We’ll walk through installing PyQuery, parsing an HTML document, selecting HTML elements with CSS selectors, and extracting data. It will help you parse HTML efficiently and reliably if you’re building a scraper, modifying XML documents, or doing anything else parsing-related.

Installing PyQuery

To get started, you first need to install PyQuery using pip, Python’s package manager. Open your command prompt and enter the following command:

pip install pyquery

It will install PyQuery into your environment. After installation, verify it works by using:

python -c "from pyquery import PyQuery; print(PyQuery('<div>Check</div>').text())"

If everything works, it will output Check. It means your PyQuery is set and ready to go. Now you can start writing a simple script. Create a Python file and include this:

from pyquery import PyQuery as pq

html = "<html><body><h1>Welcome</h1></body></html>"
doc = pq(html)
print(doc("h1").text())

This script shows the basic use of the PyQuery class. It lets you load HTML content and access parts of the document using CSS selectors, preparing you to parse HTML with ease.

Basics of Parsing HTML With PyQuery

There are two methods you can use to easily parse HTML with PyQuery: from a string and from an external file. Before you begin, make sure you import the PyQuery module:

from pyquery import PyQuery as pq

Now, if you want to load HTML content from a string, use this:

html = "<html><body><p>Hello, world!</p></body></html>"
doc = pq(html)

On the other hand, if you’re looking to load HTML content from a file, do this instead:

doc = pq(filename="example.html")

The code line above assumes your HTML file is stored in the same folder as your project.

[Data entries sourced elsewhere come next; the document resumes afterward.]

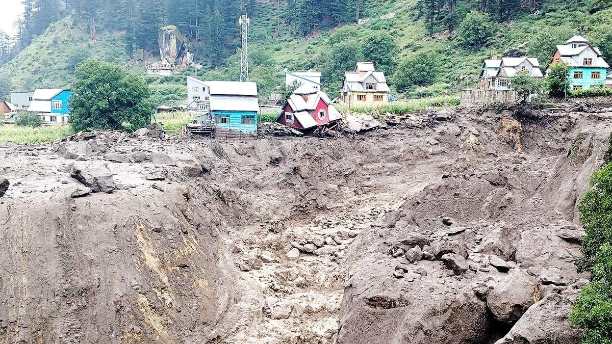 Vehicles lay piled up amid heaps of debris and uprooted trees brought down by the flash floods following the cloudburst, painting a scene of devastation, officials said.
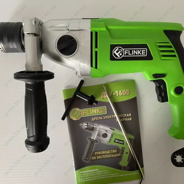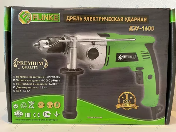 Розроблений з урахуванням універсальності, Flinke ДЕУ-1600 працює від стандартного джерела живлення 220 В і оснащений потужним двигуном потужністю 1600 Вт, що забезпечує потужність, необхідну як для точного свердління, так і ударного проникнення в різні матеріали.
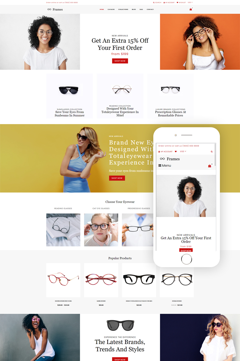 Frames - идеально подойдет для сайтов в категории Солнцезащитные очки. Shopify шаблон интернет-магазина - Glasses Store Clean Shopify Theme.
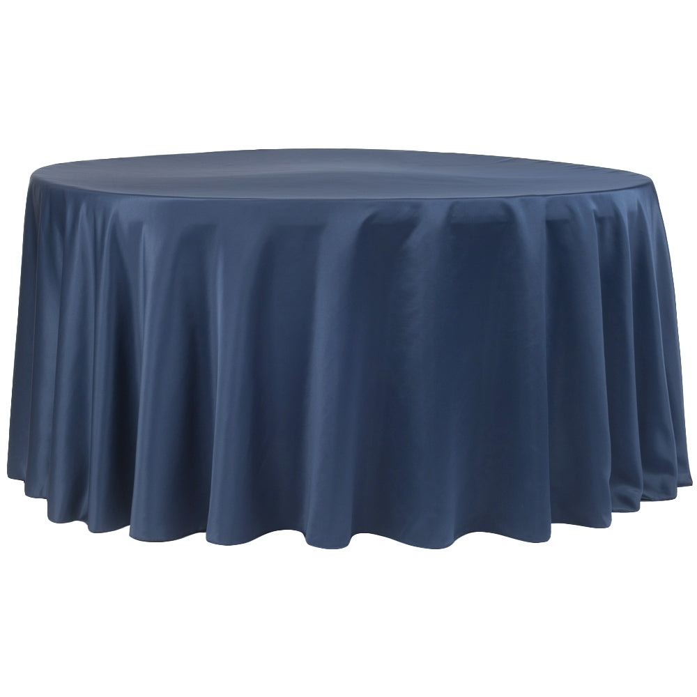 Styling with Navy Blue 132” Round Tablecloth Lamour Satin
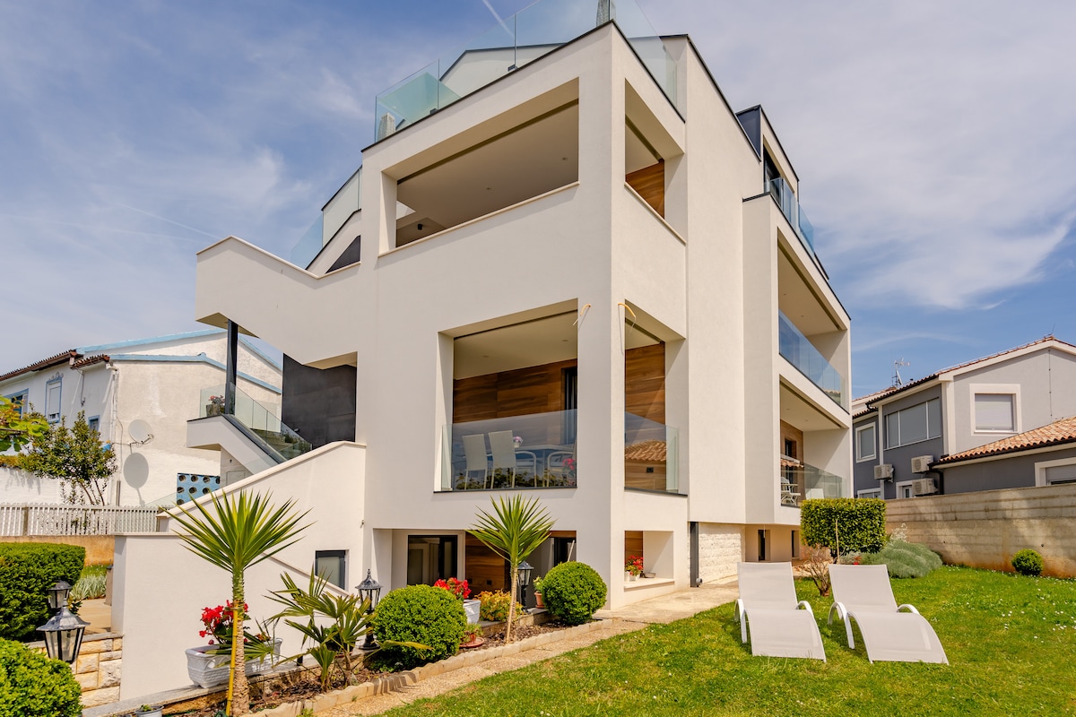 Casa Percan is a new and modern holiday home with whirlpool. A large swimming pool with deckchairs is available for use right across the street. It's located in a quiet part of Premantura. The holiday home consists of 2 bedrooms (one bed 160 x 200 and two bunk beds), a living room, a fully equipped kitchen and 1 bathroom. There is a free private parking. In the yard there is a summer kitchen with a grill on gas, seating area, and also loungers for relaxing.
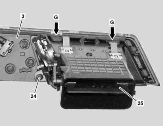 7 Unclip right air vent (25) and remove passenger-side trim part (3).
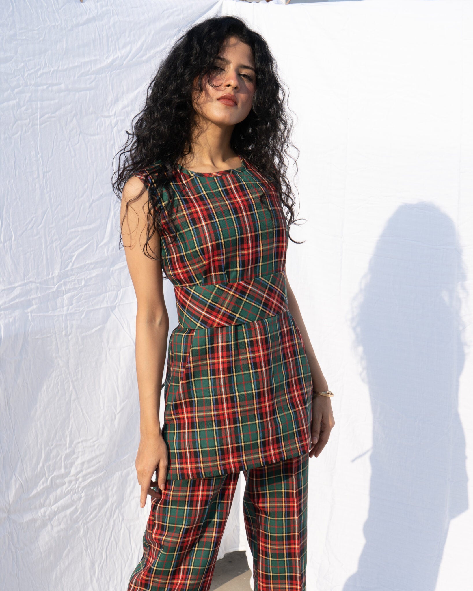 Sleeveless Red And Green Check Tunic – Plaid Casual Outfit for Women
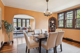 Welcome to this beautiful vintage home located on a corner lot in the charming Kingfield neighborhood. Loaded with character, craftsmanship and architectural details throughout, this 2 level home has been fully preserved and tastefully updated. With over 2,600 finished square feet, it offers a large living room with expansive bay windows and a unique fireplace, a separate dining room with 2 built in hutches, a large kitchen with plenty of cabinets and cozy kitchen dining area – plus a 3 season porch, deck and 2 car garage. There are 3 bedrooms up including a very spacious master bedroom, plus an extra room that could be a home office or large walk in closet. For anyone that loves vintage details, you’ll find gleaming hardwood floors and beautiful woodwork, an intricate cast iron railing on the staircase, original light fixtures, barrel vaulted living room and more. Lower level includes high ceilings and a large family room, laundry and plenty of storage space. Freshly painted and completely move in ready. Just blocks from Lake Harriet, restaurants, coffee shops, parks and more. Enjoy the best of urban living in this wonderful vintage home!
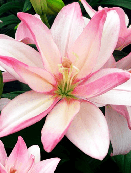 Сорт азиатской махровой лилии. Цветы окрашены в нежно-розовый цвет с более ярким краем лепестка, как будто легкий мазок акварели. Цветы достаточно крупные около 17 см в диаметре, лепестки собраны в несколько рядов, что и создает махровость.
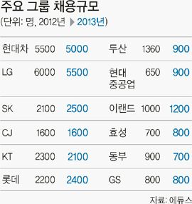 지난해 채용규모를 줄인 곳은 현대차, LG, 두산, KT, 동부 등이다. 두산은 2012년 1360명에서 2013년 900명으로 33.8% 줄었다. 동부는 22.2%(900명→700명), 현대차그룹 9.1%(5500명→5000명), KT 8.7%(2300명→2100명), LG 8.3%(6000명→5500명) 감소했다.
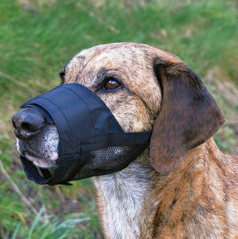 - Materiałowy kaganiec wykończony siateczką dla psa, o obwodzie kufy 14-22cm.
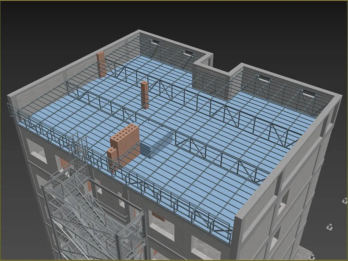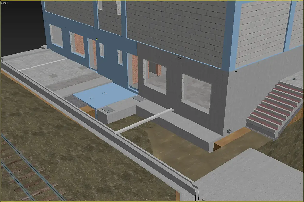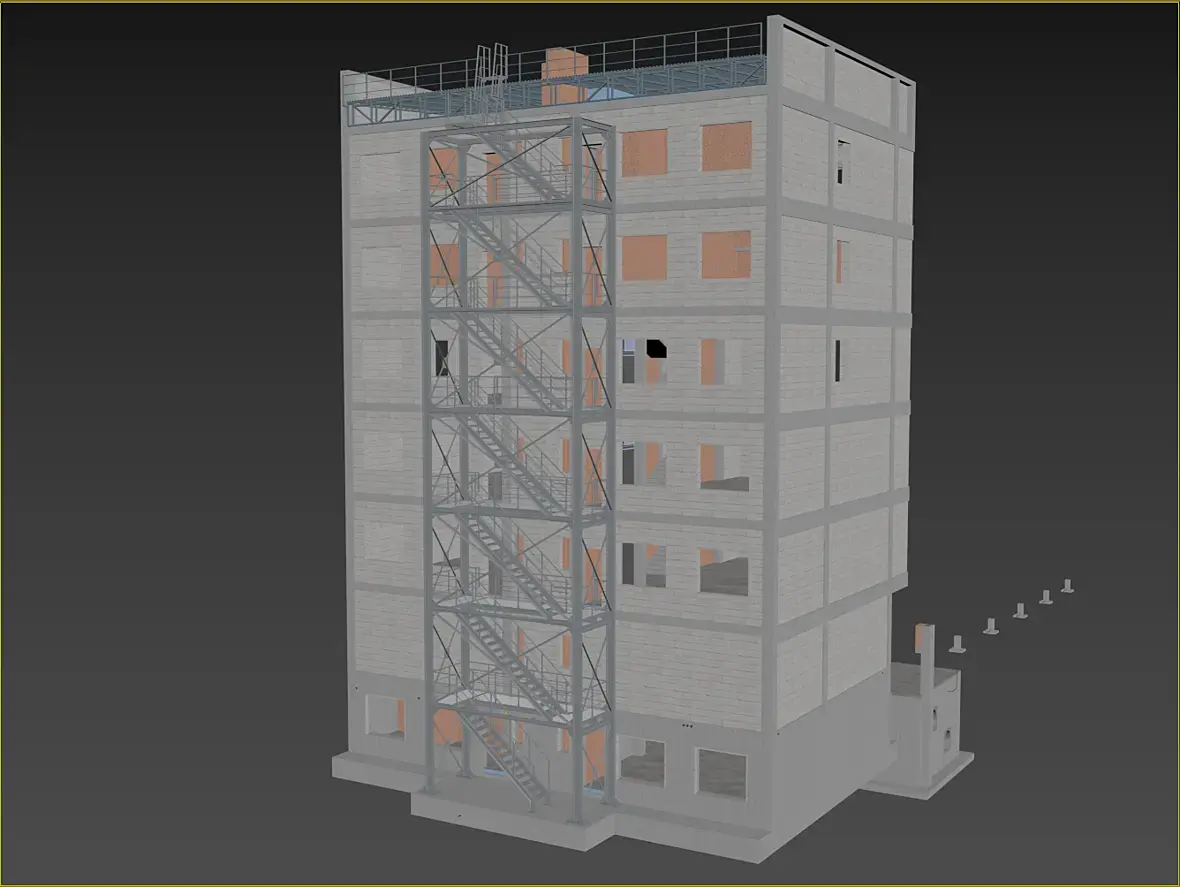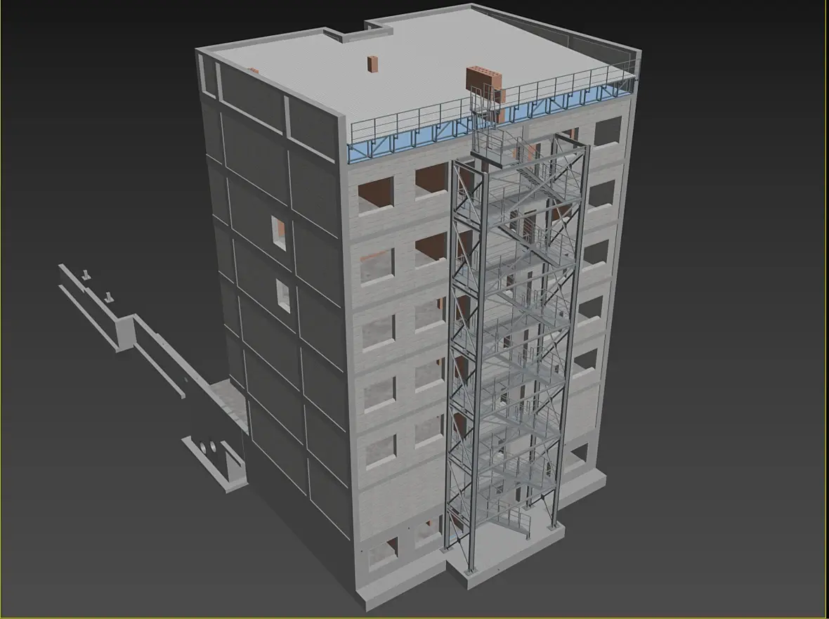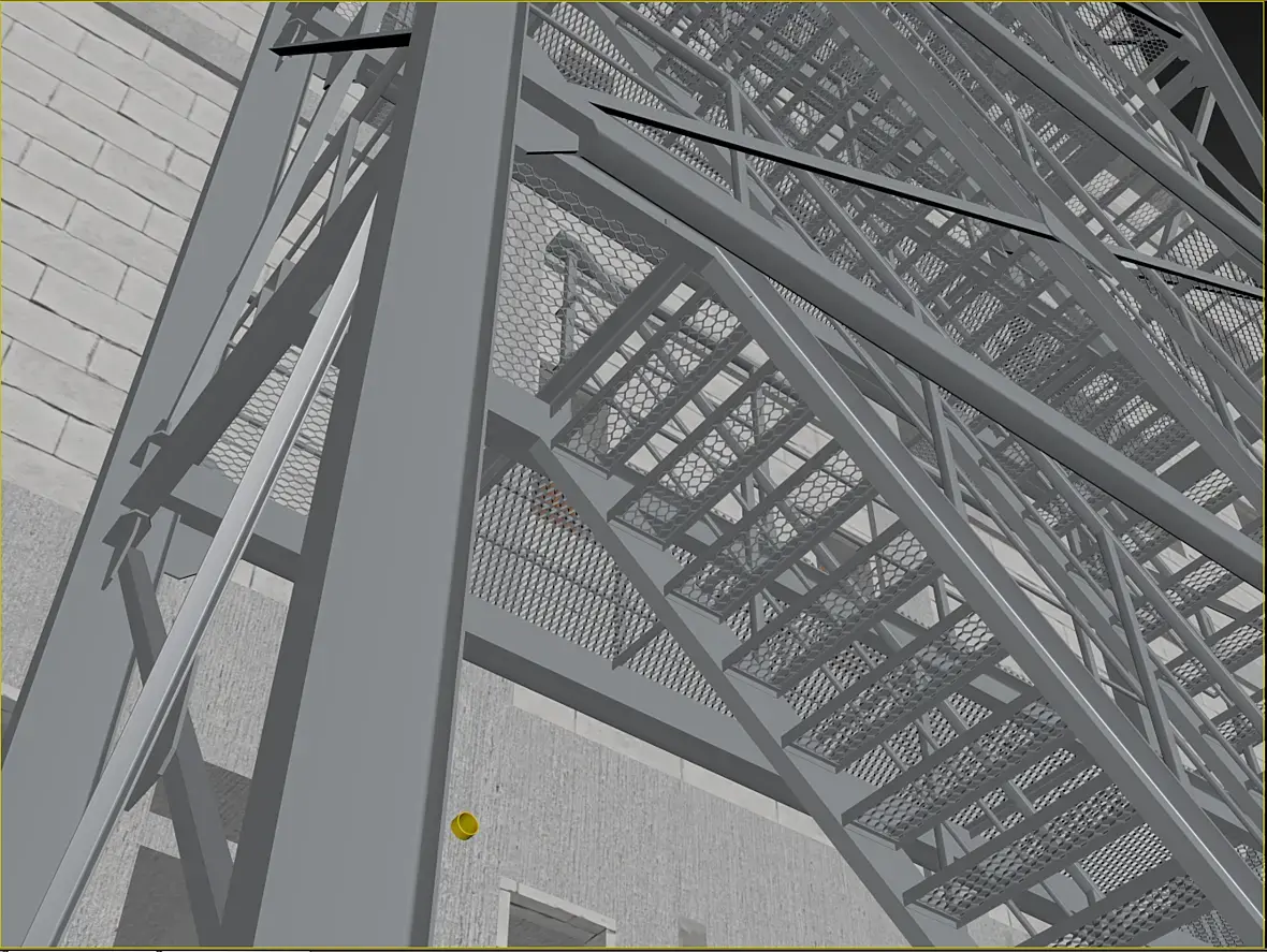 На картинке выше уже видны более внятно, так называемые трапы, лестница-то на расстоянии,на нижней видно более отчетливо что они еще и съемные. Сделал это по той причине, что фасад у нас вентилируемый, и монтироваться он будет после того как лестница будет смонтирована, значить и трапы, будут монтироваться после готовности фасада, ну или сниматься по необходимости.
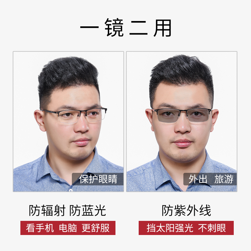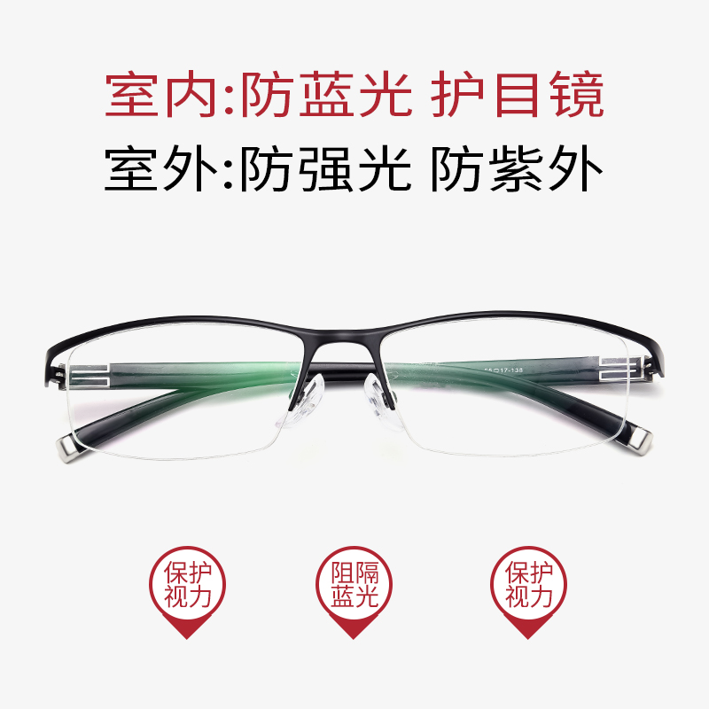 Discoloration glasses nearsightedness men's metal half-frame anti-blue light anti-radiation can be matched with a flat light protective eye Danyang eyes

pq() parses the structure and transforms it into a Python object you can navigate. It’s built mainly for HTML parsing, but it also works with XML documents.

Selecting Elements With CSS Selectors

With PyQuery, you get support and flexibility for CSS selectors. You can select by tag name, class, ID, and even loop through multiple elements.

1. To select by tag name:

doc("p")

This grabs all '< p >' tags in the HTML. So, if your HTML looks like this:

<p>Paragraph 1</p>
<p>Paragraph 2</p>

Then doc(“p”) will find both. You can loop over them or access their text and attributes. It’s useful when you want to parse HTML and collect all text blocks, for example, during web scraping.

2. To select by class name:

doc(".article")

This targets elements like:

<div class="article">News 1</div>
<div class="article">News 2</div>

It will return all elements that include class=’article’. You can also combine it with tag names for more precision: doc("div.article").

It’s great for narrowing down parts of the page with structured web content you need to scrape.

3. To select by ID:

doc("#main")

This looks for an element like:

<div id="main">Main Section</div>

Unlike classes, IDs should be unique in HTML code, so doc(‘#main’) usually returns a single element. This is useful when you need to start from a known spot before navigating other elements with methods like .children() or .find().

4. To loop through multiple HTML elements:

for item in doc(".article"):
    print(pq(item).text())

This helps when you need to manipulate documents and extract information, which is a common task in web scraping with Python.

Once you’re done parsing HTML with PyQuery, you may need to move through the structure of the HTML, which is called DOM traversal.

Using the PyQuery Python library you can easily navigate up, down, and sideways through elements.

To move from an element to its parent:

doc(".item").parent()

This goes up one level in the DOM. For example, if you have:

<div class="container">
  <div class="item">Text</div>
</div>

Using parent() on .item() will return the container.

To access the children of an element:

doc(".container").children()

This will return all direct children of the container, which is useful when your HTML content has blocks you need to work with.

To get the next sibling element:

doc(".item").next()

This finds the element immediately after .item on the same level.

To get the previous sibling:

doc(".item").prev()

It moves left in the DOM and returns the element that comes before .item.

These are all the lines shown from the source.